I think I heard, in the opening , the opening of To Kill a Mockingbird' No?
What does the round arrows in the beginning mean?
It's a slight accelerando or ritardando.
Which is which? When I look at it, it's not immediately obvious.
This seems to be a case of a composer needlessly inventing a new notation for something that already has a standard notation - that is, in this case, the instructions "accel." and "ritard.".
@@michaeledwards1172 obviously the forward pointing arrows = push ahead and the backwards arrows = hold back
@@faktablad I've just seen the footnote at the bottom of the first page of score.
The meaning might seem obvious - but the arrows didn't quite suggest anything to me intuitively in that context. That is, if I were sight-reading this at the piano for the first time, I wouldn't instantly, instinctively, know what to do, but would have to think about it for a little, even if it were just a couple of seconds.
If I had written this, I would more likely have used a series of "poco accel." and "poco rall.", or if that became too cluttered and awkward, I might have used Cage-ian spatial notation, where the horizontal spacing of the notes suggests faster or slow (together with an explanatory footnote). (Using it only for those cadenza, not the whole score.)

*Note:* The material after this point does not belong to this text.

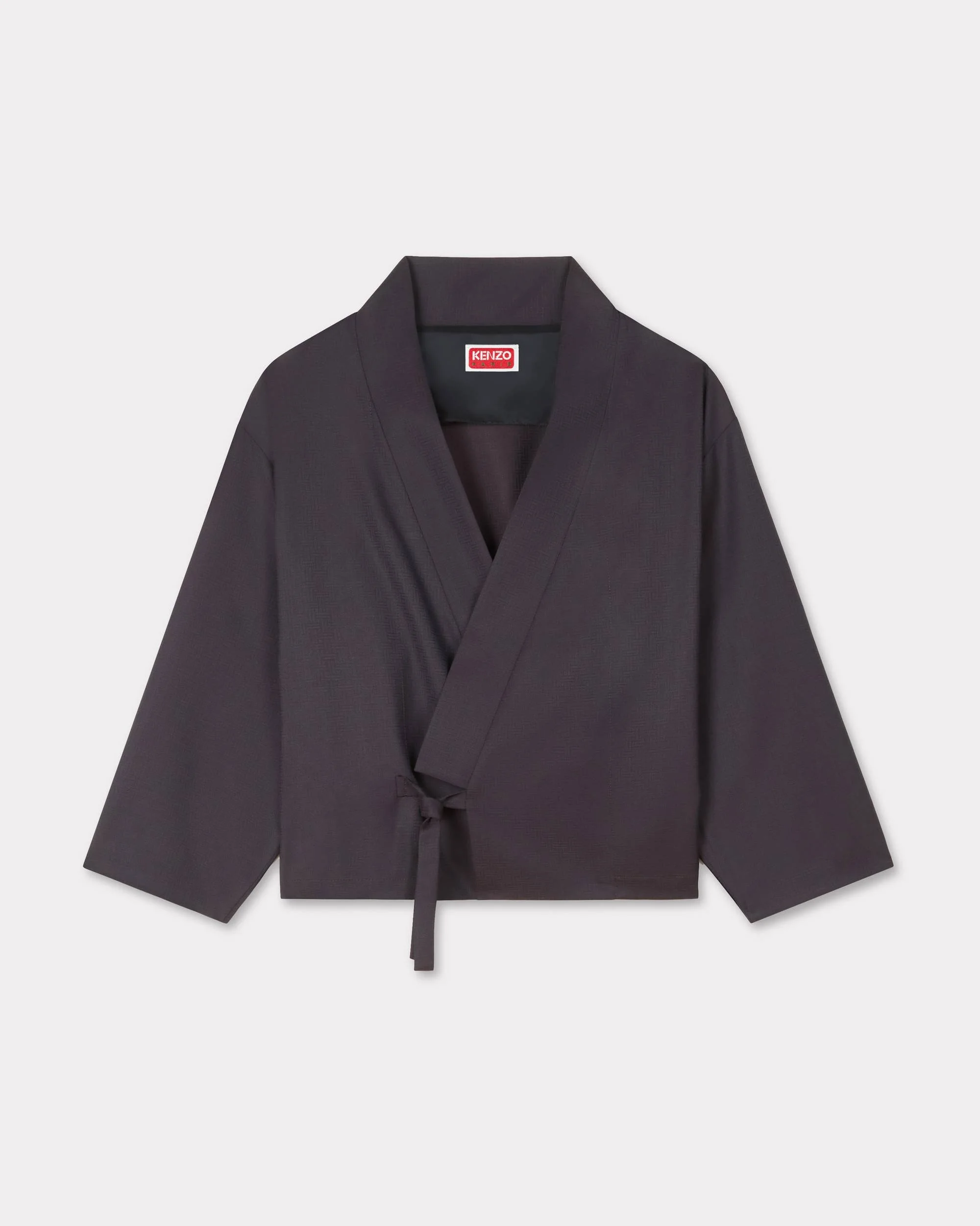 'KENZO Weave' kimono jacket. Jacquard wool. Strap kimono closure and vent at side. Tonal 'KENZO Paris' label at back. Product Reference: FF62VE0329ID.91 SIZE & FIT The model is 175 cm tall and is wearing size S. Back length at 56 cm. COMPOSITION & CARE Made in Romania 100% virgin wool Mild professional dry-cleaning in: hydrocarbons Do not wash Do not wet-clean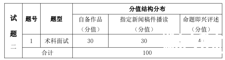 1.自备作品朗诵(朗诵体裁不限,如:现代诗歌、散文、寓言、台词、小说片段等,时间在 2 分钟以内),考查学生普通话水平与稿件创作综合能力;2. 指定新闻稿件播读,考查学生备稿能力,对新闻稿件的理解能力以及语言的综合运用能力;3.命题即兴评述,(考生抽题后评述,时间在 3 分钟以内),考查学生的逻辑思维能力、语言组织、表达能力以及一定的文化素养。

The first bass note is not found on most pianos - like maybe 99 out of 100 pianos, if not 999 out of 1,000, or even 9,999 out of 10,000. So would it be better to play the whole chord an octave higher, or perhaps change the low Ab to A (which is the bottom note of almost all pianos)?

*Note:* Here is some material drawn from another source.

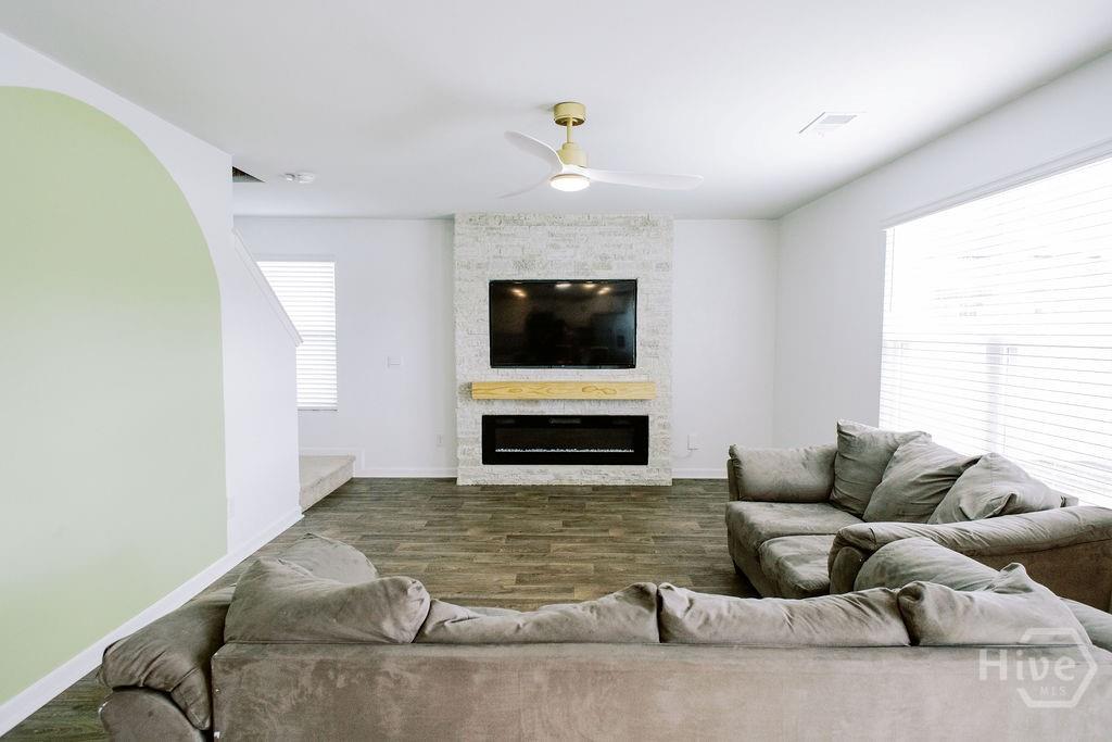 The kitchen features ample cabinet and counter space and comes equipped with a stove, refrigerator, dishwasher, and microwave. The living room includes a fireplace with hidden storage and a modern smart ceiling fan for added comfort.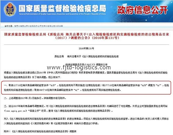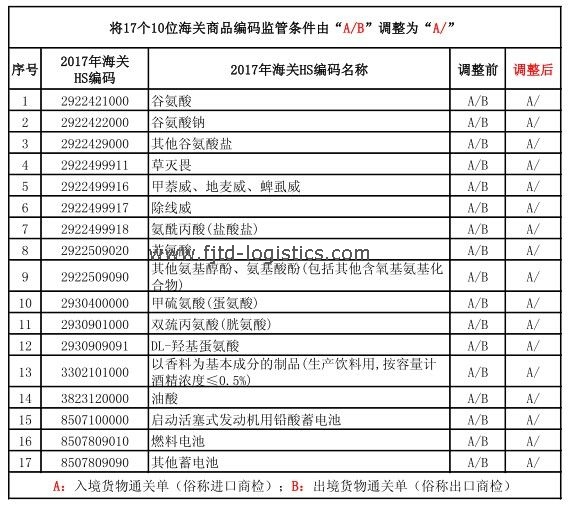 根據(jù)2016年第131號質(zhì)檢總局、海關(guān)總署關(guān)于《出入境檢驗檢疫機構(gòu)實施檢驗檢疫的進出境商品目錄(2017)》調(diào)整的公告,國家質(zhì)檢總局對《出入境檢驗檢疫機構(gòu)實施檢驗檢疫的進出境商品目錄》(以下簡稱《法檢目錄》)作了相關(guān)調(diào)整。

I do sometimes wonder what composers are thinking when they write things that almost no-one can play as written.
Better to play a flat A same octave, no one will hear the difference at such a low level
I fully agree with you. For instance, in Messiaen's "Vingt regards" (1944) tou can find the low xluster A - Bb- B with pedal. Indeed, the composer was awaaiting a low percussive sound. Nobody can alayze this cluster a such a low level with pedal.
Yes, at that register it would be more of a textural element than a discernible sound...
@@arielorthmann4061 I wonder if it is possible the low notes are intended to bring out overtones and sympathetic vibrations in the right hand. In that case, keeping the exact note might matter, and if the low A-flat is unavailable, maybe it would be better to shift it up an octave rather than changing it to the neighbouring A-natural.
In another example of dealing with the problems around desired but unavailable low notes, I am a little surprised that Ravel, in "Jeux d'Eau", accepted (and wrote in the score) the low A in a passage that obviously really calls for the unavailable low G-sharp. I think, in this situation, that you can distinguish the pitch, and, while I try to accept the low, out-of-tune A, because Ravel clearly accepted it, I nonetheless feel that it doesn't sound right. An alternative would be to make do with the lowest G-sharp, even though It's an octave higher than the desired lower G-sharp.
@@arielorthmann4061 Hmm... I wonder.... If you can, could you go to a piano and play, first of all, the bottom two As - just that bare octave. Now, change the low A to Bb and play it with the upper A. You can't hear the difference? I certainly can. Now play the low A by Itself, and then the Bb. You can't clearly hear the semitone interval there? I can.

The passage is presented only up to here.